I have been worried by thinking about poetry and finding that all the poems that one thinks of as most poetic in the romantic style are all intricately concerned with primitive moon-worship. This sounds crazy, and I fear for my sanity; but it is so. The old English ballads like Kemp Owyne, the Lykewake Dirge, are all composed with a sort of neurosis—compulsion for arranging things in 3s (although the stanza is a four line one) which is the chief characteristic of the Moon Goddess — Triple Goddess - ritual; and the 17th-century Loving Mad Tom poem, which is generally regarded as the most 'purely poetic' of all anonymous English ' compositions is a perfect compendium of Ashtaroth—Cybele— Hecate worship — not a single element omitted.
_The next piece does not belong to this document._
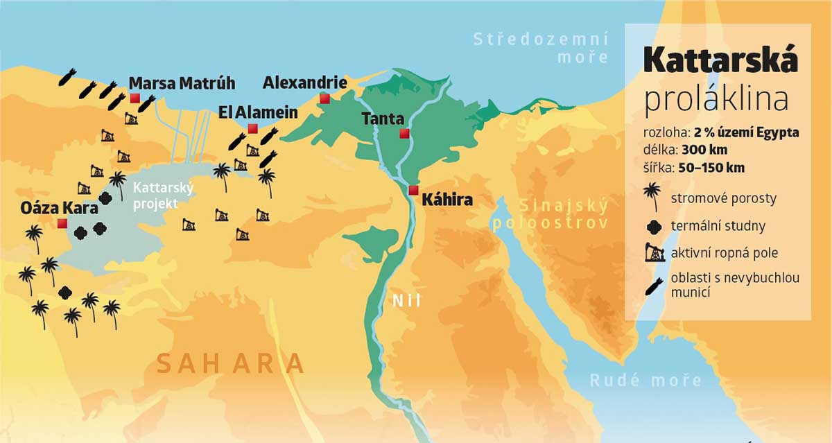 Stačilo by pár kanálů, a část egyptské pouště by se proměnila v oázu života. Jak je však vyhloubit? Století přetrvávající otázka našla „řešení“ třeba i v návrhu na jaderné exploze, k nimž naštěstí nikdy nedošlo. Projekt Kattara se tak na stoly inženýrů neustále vrací…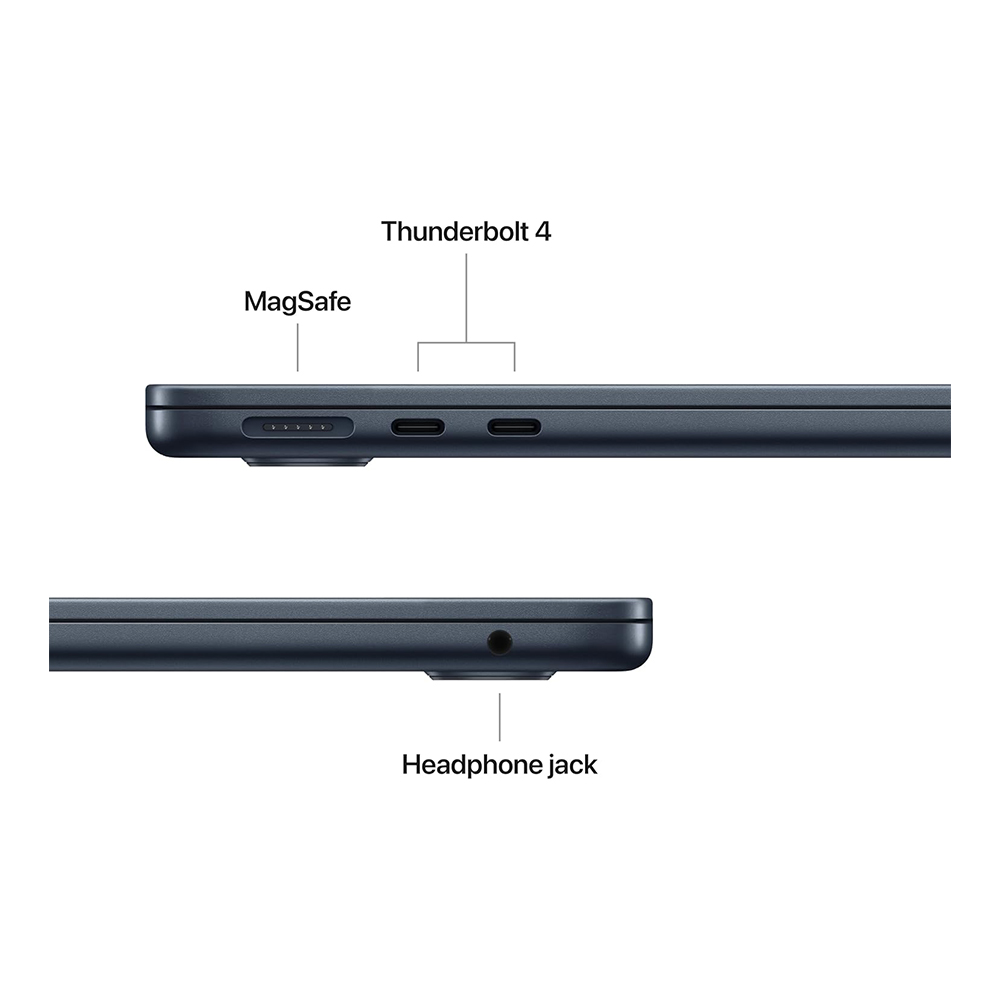 • CONNECT IT ALL—MacBook Air features two Thunderbolt 4 ports, a MagSafe charging port, a headphone jack, Wi-Fi 6E, and Bluetooth 5.3. And it supports up to two external displays.

Of course, Apollo originally pinched Parnassus and Pegasus from the Moon Goddess. And the Muse, whom poets habitually address, was the Moon originally in her Mouse aspect. The history of English poetry has been the modifying of the original moon-poetry, which is stressed, with sun-poetry (intellectual, Apollo poetry) which is measured in regular beats and metres. Let me ramble on for a bit more: I find that Shakespeare, almost habitually, though using a five foot line only uses three interest-centres' or operative words in any line; the rest is syntax or words of no particular accentuation — Chaucer seems to use four as habitually. Chaucer was very much an Apollonian: a very good poet too.
This may lead me anywhere and I am so anxious not to get dogmatic or psychological. But I find myself making the Bards into Moon-men and the minstrels into Sun-men.
Help!
Love
Robert
I have just heard from Cape that TROYS has sold 2000 out of 2800 copies, and wants to know by how much it should be cut down to form a concise edition, there being no paper for more copies of the full edition.